§ ASSIGNMENT: Once the line holding "Биробиджан, поселок на 22-ой версте" is found in the listing below, write it out and each later line exactly, up to and including the one holding "трестов (Зернотреста, Колхозцентра, Скотовода, Рисотреста, и".

§ SUPPLIED MATERIAL:

****************************************

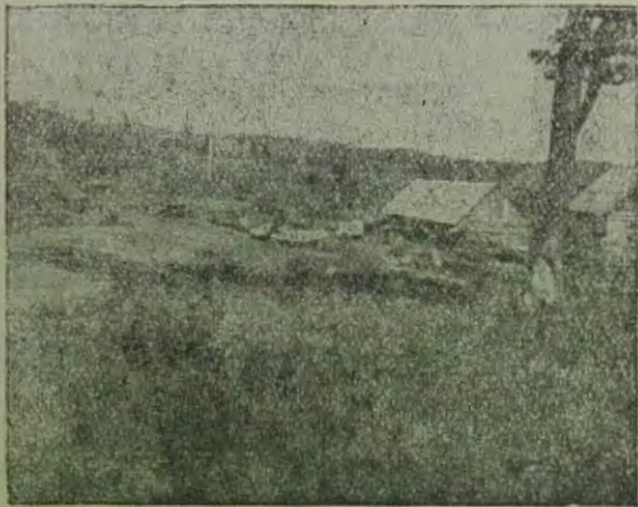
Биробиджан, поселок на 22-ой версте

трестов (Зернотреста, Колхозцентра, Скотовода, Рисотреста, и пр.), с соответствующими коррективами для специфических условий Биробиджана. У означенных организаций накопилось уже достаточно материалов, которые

****************************************

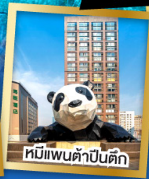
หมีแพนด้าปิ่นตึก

****************************************

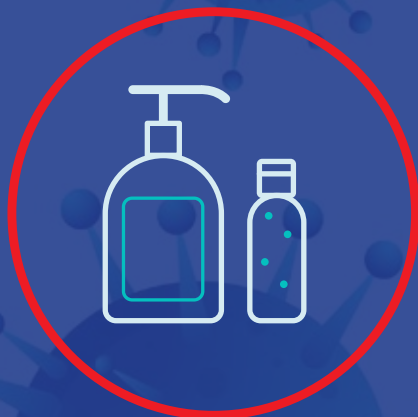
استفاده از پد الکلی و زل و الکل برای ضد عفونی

****************************************

§ ANSWER TO THE EXERCISE:
Биробиджан, поселок на 22-ой версте

трестов (Зернотреста, Колхозцентра, Скотовода, Рисотреста, и пр.), с соответствующими коррективами для специфических условий Биробиджана. У означенных организаций накопилось уже достаточно материалов, которые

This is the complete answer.